Читаем Брожение полностью

Он увлекся и с жаром стал излагать свои мысли: развивал экономические теории, говорил о проектах менее сложного администрирования, захватывал все более широкий круг вопросов, сравнивал устройство государств, указывал на господствующие системы производства, их тесную связь с идеями, нравами, этикой, приростом населения и смертностью. Он приводил цифры, которые пальцем чертил в воздухе, цитировал на память мнения авторов по интересующим его вопросам, некоторым возражал, воодушевлялся, но иногда бросал вокруг мутный, беспокойный взгляд, печально улыбался Янке, удивленной этим потоком слов. Она еще не видела отца таким: он сжимал руками голову и продолжал говорить, но уже не так горячо и не так связно, со страхом оглядывался, делал долгую паузу, сидел молча, пряча лицо за большим газетным листом. В конце концов он вскочил, и, не сказав больше ни слова, отправился в свою комнату.

Янка пошла спать и, несмотря на тревогу за отца, быстро уснула, утомленная впечатлениями дня. Вдруг ее разбудил чей-то глухой голос. Янка подняла голову, прислушалась. Залеская, как всегда в этот час, играла свои бесконечные гаммы, звуки лились монотонно, иногда в них звучали то шепот, то крик отчаяния, то просьба.

Янка направилась в гостиную. Дверь в комнату отца была приоткрыта.

Орловский в кальсонах, в форменном кителе и красной фуражке стоял посередине комнаты; зажженная свеча на столике у кровати освещала его мутным желтоватым светом.

— Пан экспедитор, говорю вам — никаких объяснений, я их все равно не приму во внимание. Дирекция оштрафовала вас на три рубля, и вы заплатите, а в будущем никаких поблажек, никаких; я ваш начальник и не позволю, слышите, не позволю. — Тут он наклонился к кому-то невидимому, кто был ниже его ростом, погрозил ему пальцем, затем, сделав несколько шагов в сторону, снял мундир и фуражку, отирая вспотевший лоб, и, сгорбившись, прошелся мелкими шажками по комнате и зашептал что-то изменившимся голосом, столь непохожим на его собственный, что Янка даже заглянула в комнату: ей показалось, что там есть еще кто-то. Орловский перешел на другую сторону комнаты, напротив двери, в которую смотрела Янка, и вытянул руку в том направлении, где он стоял прежде.

— Пан начальник, даю слово честного человека, клянусь любовью к дочери — наказывают меня несправедливо. Я был тогда раздражен, болен, почти без памяти. Евреи толкались, ссорились, я ударил одного из них. Поднялся крик, я велел гнать их в шею. Вспомните, пан начальник, дочь моя находилась при смерти; я только что привез ее из Варшавы, я был в отчаянии.

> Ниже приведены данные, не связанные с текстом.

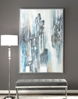 Abstract In Style, This Modern, Hand Painted Artwork On Canvas Features Muted, On Trend Shades. Mottled Hues Of Blue And Gray Are Paired With Charcoal And Cream Tones. Each Canvas Is Stretched And Attached To A Wooden Frame, Then Surrounded By A Petite, Silver Leaf Gallery Frame. Due To The Handcrafted Nature Of This Artwork, Each Piece May Have Subtle Differences. This Piece May Be Hung Horizontal Or Vertical.

Пан начальник, представьте — вот ваша единственная дочь уехала из дому, поступила в театр, она не писала несколько месяцев, она бросила вас, отца, как бросают старую тряпку, но вы любите своего ребенка, она находится на волоске от смерти — неужели вы будете спокойны? О, что я выстрадал, что перенес! — крикнул он сквозь рыдания и закрыл лицо руками; слезы текли между пальцами, скатывались по бледным щекам, и такая боль, безумная боль терзала его сердце, что он, казалось, вот-вот потеряет сознание. Чтобы не упасть, он хватался за спинки стульев, умоляюще складывал руки, жалобно причитал и покорно смотрел на своего воображаемого начальника, на свое другое я, которое он отчетливо видел перед собой.

Янку трясло: спокойное, странное безумие отца привело ее в отчаяние, внесло хаос в ее мысли. Она не могла двинуться с места: не хватало ни сил, ни смелости. Комната закружилась, бледное пламя свечи затрепетало перед ней, как кровавое зарево, огромный пожар, в котором клубились беспорядочные мысли, сжимая ее голову пылающим обручем.

Орловский сел на кровать, потер лоб, напился воды из стоявшего на столике сифона; шипение газа и шум струи вернули его, казалось, к действительности. Он покусал кончик бороды, протер глаза и долго смотрел в темную глубину комнаты широко раскрытыми, полными безбрежного ужаса глазами. Потом, видимо, успокоился, — в глазах засветилось сознание, призрак исчез. Он задул свечу.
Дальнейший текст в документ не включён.